Beige Against the Machine

There’s a powerful charm to neutral colour schemes, which often goes unappreciated by more brash types than myself. In fact, it seems it’s a select few who can truly appreciate the regal radiance of a classic beige, or the subtlety and depth of perfectly mixed off-white. I’m forever having to fight colleagues on this, fending off their demands for bold colours and playful contrasts.

You see, I’m generally the one tasked with any updates to the space, and processing all office fitout ideas. Melbourne being the type of place it is, many of those ideas centre on things like fuschia feature walls, sunshine-yellow tinted glass partitions and peacock blue bathrooms – depending, of course, on the prevailing fashion of the moment. What people fail to keep in mind is that fashion is a fickle friend, and that’s precisely why I prefer to stick with neutrals. Neutrals will never desert you when the tide changes, leaving you with an outdated aesthetic that needs to be redone all over again.

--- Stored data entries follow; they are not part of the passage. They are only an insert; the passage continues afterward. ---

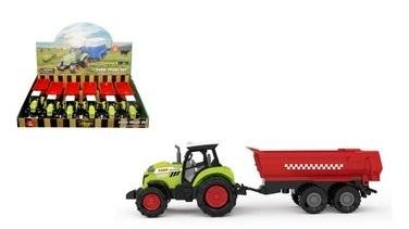 Plastikowy traktor z przyczepą. Pojazd świeci światełkiem oraz wydaje dźwięki: zapalania silnika. Zabawka działa na baterie typu AG13. Baterie znajdują się w zabawce. Zabawka dla dzieci od 3 lat. przeczytaj całość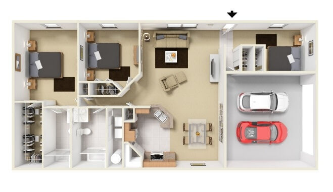 Max of 1. Every apartment comes with its own remote controlled access one or two car garage. Every home has an attached direct entry garage except the Arlington plan comes with a detached garage.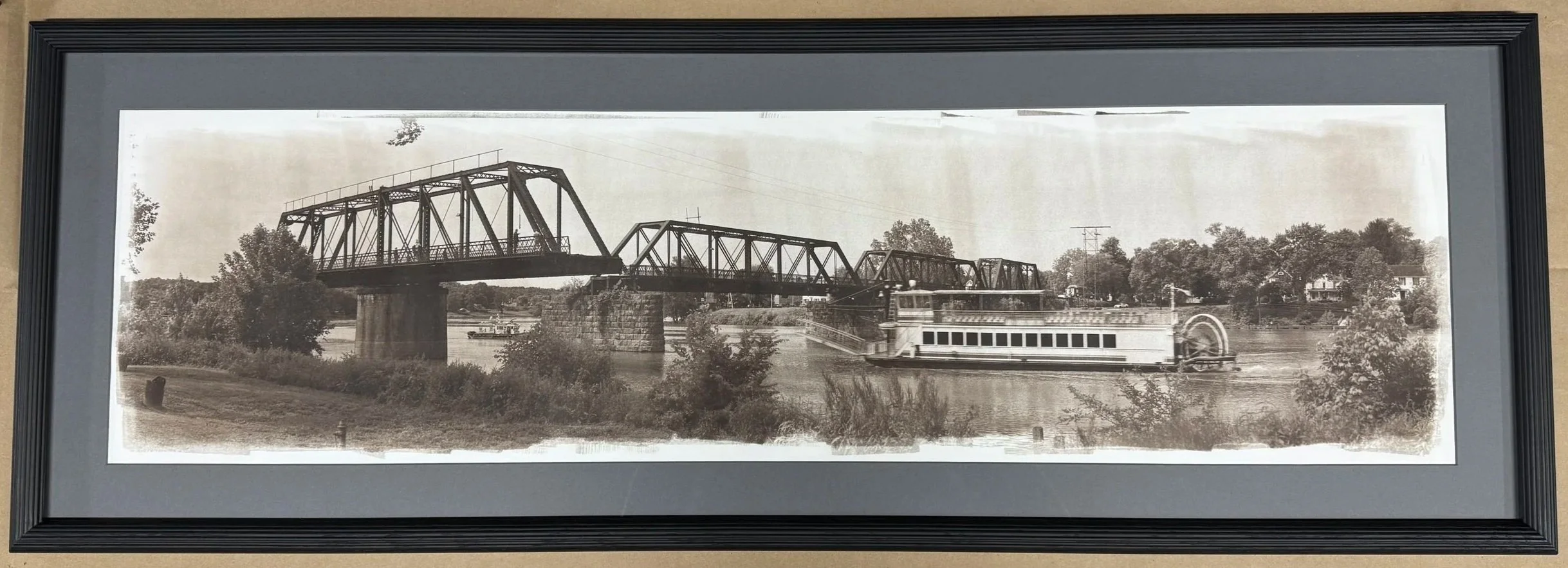 Framed Vandyke Brown print of Harmar Bridge & Valley Gem Sternwheeler, Marietta, 2025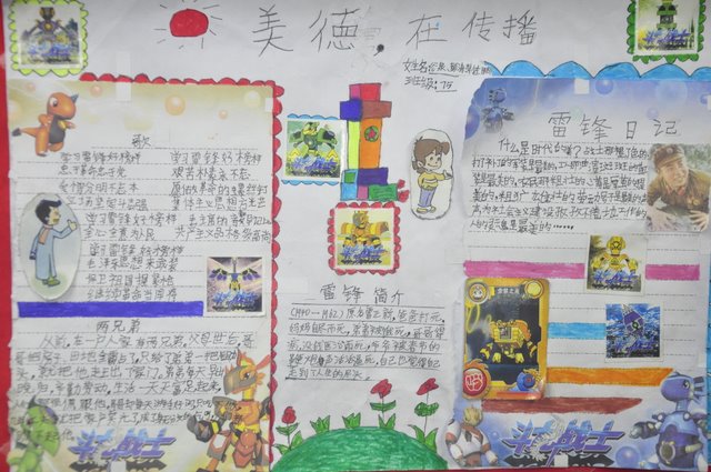 三月是学雷锋月,1963年3月5日,毛泽东发表了“向雷锋同志学习”的题词,在全国范围内掀起轰轰烈烈的学雷锋运动。为了倡导雷锋精神,积极改变学校风貌,我校小学部三年级举行了学雷锋手抄报大赛。大赛期间,同学们的积极参与,获得了老师们的一致好评。通过这次活动使同学们明白了雷锋精神的实质是在别人困难的时候提供力所能及的帮助。人的生命是有限的,可是为人服务是无限的,我们要把有限的生命,投入到无限的为人民服务中去!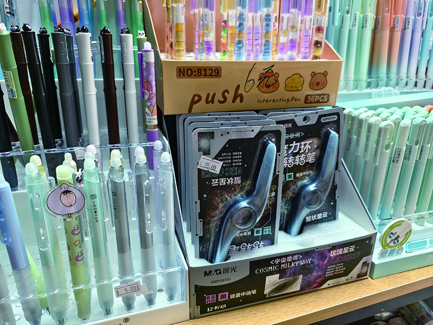 记者了解到,这些价格较高的文具大多打着“创意”“新奇”的旗号吸引学生。不少文具融入了动漫、国潮等时尚元素,还有些仿照盲盒的形式,将一个系列的多种款式封装在相同的盒子里销售。在部分文具店,记者还看到了具备玩具功能的文具,如“转转笔”“解压文具”等,这些文具堪称“收割”家长钱包的“利器”。它们的售价往往是普通文具的几倍甚至几十倍,然而实际使用价值却并不高。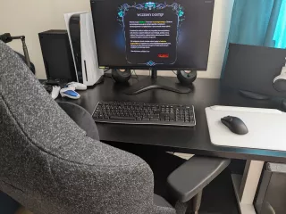 Po umieszczeniu FlexiSpot E7 Pro w miejscu mojego poprzedniego biurka, w oczy od razu rzuciła się zauważalnie większa przestrzeń robocza. Oczywiście spodziewałem się, że przeskok z blatu o wymiarach 120 x 60 cm na 140 x 80 cm będzie odczuwalny, ale nie sądziłem, że aż w takim stopniu. Po przeniesieniu wszystkich sprzętów, w tym dwóch monitorów, głośników, klawiatury, myszy oraz konsol PlayStation 5 iXbox Series X wraz z kontrolerami nadal zostało mi sporo miejsca. Wreszcie nie muszę zastanawiać się, gdzie mam odłożyć słuchawki czy postawić kubek z poranną kawą. Deklarowana przez producenta nośność na poziomie 160 kilogramów zabezpiecza mnie również na przyszłość, gdybym planował postawić tu coś więcej. Nawet rozważając w głowie totalnie absurdalne scenariusze w stylu trzech monitorów, PC czy wszystkich konsol obecnej generacji trudno jest mi wyobrazić sobie dobicie do 100 kg, nie mówiąc już o osiągnięciu maksymalnego limitu.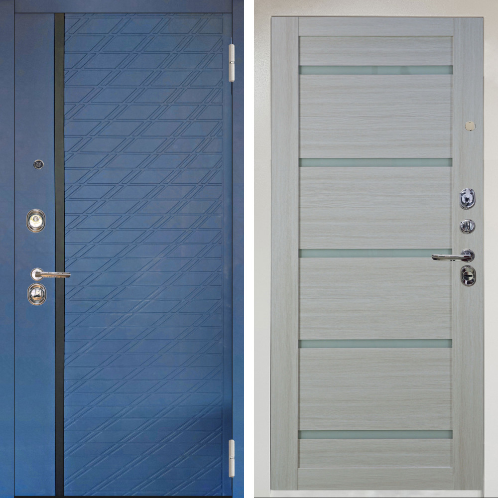 Входная дверь Аргус ЛЮКС 3К Снежно-белый Тори Синий софт + Александра Белая лиственница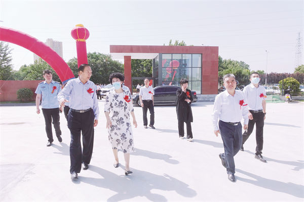 圖為與會(huì)領(lǐng)導(dǎo)到新成立的交通物流學(xué)院參觀指導(dǎo)。副市長阿穎(左前二),市政府副秘書長李芳(右三),南陽農(nóng)業(yè)職業(yè)學(xué)院黨委書記張士君(右二),集團(tuán)公司董事長、黨委書記、總經(jīng)理胡逸云(左前一)

That approach is the reason I’m always the one heading up this stuff. It’s fair to say that a lot of my colleagues don’t get it, and think I’m a boring old beige-lover with no imagination. That couldn’t be farther from the truth. In fact, I have too much imagination to not see the larger issues with choosing bold colours to underscore a work environment. Here in Melbourne, commercial office design is often short-sighted, in the sense that it aims for immediate gratification over long term success in its designated purpose.

I don’t mind if people think of me as stuffy, inaccurate though that may be. I just wish they’d come round to the sheer beauty of the neutral palette, if only for their own delight. Not only would they see my decisions in a new light, they’d also bear witness to the multi-faceted majesty these most underrated of colours.